-- ASSIGNED TASK --
Copy the data below exactly, but not the pictures it contains.

-- DATA EXCERPT --
=== Begin Enclosure ===

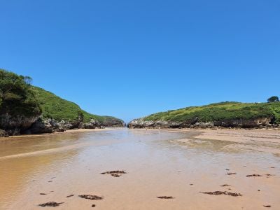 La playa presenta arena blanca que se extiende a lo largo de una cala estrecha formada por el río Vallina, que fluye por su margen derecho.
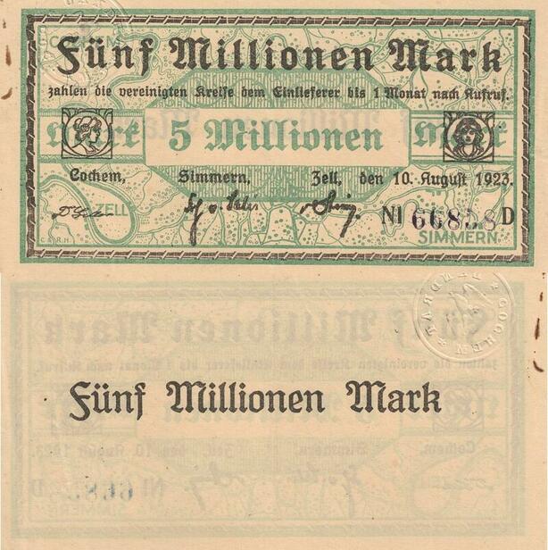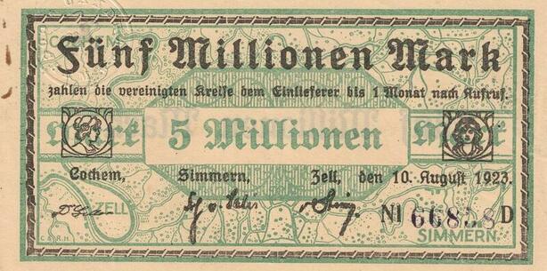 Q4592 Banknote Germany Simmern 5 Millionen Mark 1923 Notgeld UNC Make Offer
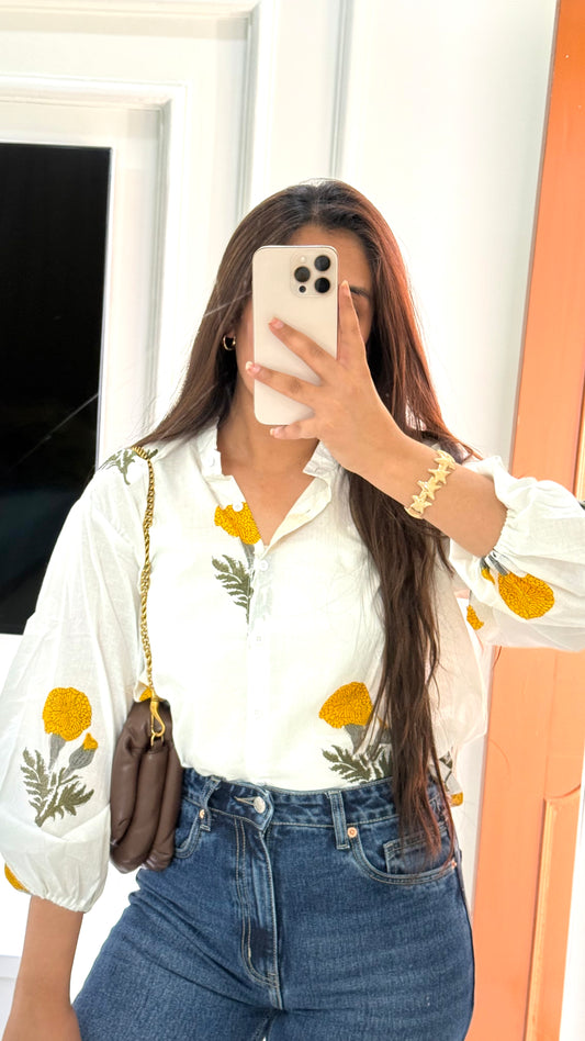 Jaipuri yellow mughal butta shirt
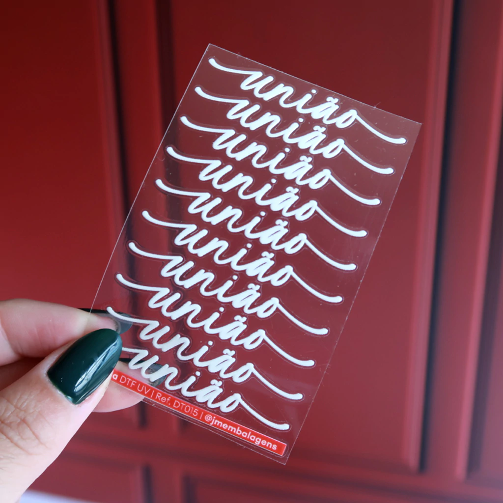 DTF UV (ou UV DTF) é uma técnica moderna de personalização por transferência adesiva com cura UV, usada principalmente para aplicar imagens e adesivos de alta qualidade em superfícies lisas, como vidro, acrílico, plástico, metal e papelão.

=== End Enclosure ===

-- EXERCISE SOLUTION --
 La playa presenta arena blanca que se extiende a lo largo de una cala estrecha formada por el río Vallina, que fluye por su margen derecho.
 Q4592 Banknote Germany Simmern 5 Millionen Mark 1923 Notgeld UNC Make Offer
 Jaipuri yellow mughal butta shirt
 DTF UV (ou UV DTF) é uma técnica moderna de personalização por transferência adesiva com cura UV, usada principalmente para aplicar imagens e adesivos de alta qualidade em superfícies lisas, como vidro, acrílico, plástico, metal e papelão.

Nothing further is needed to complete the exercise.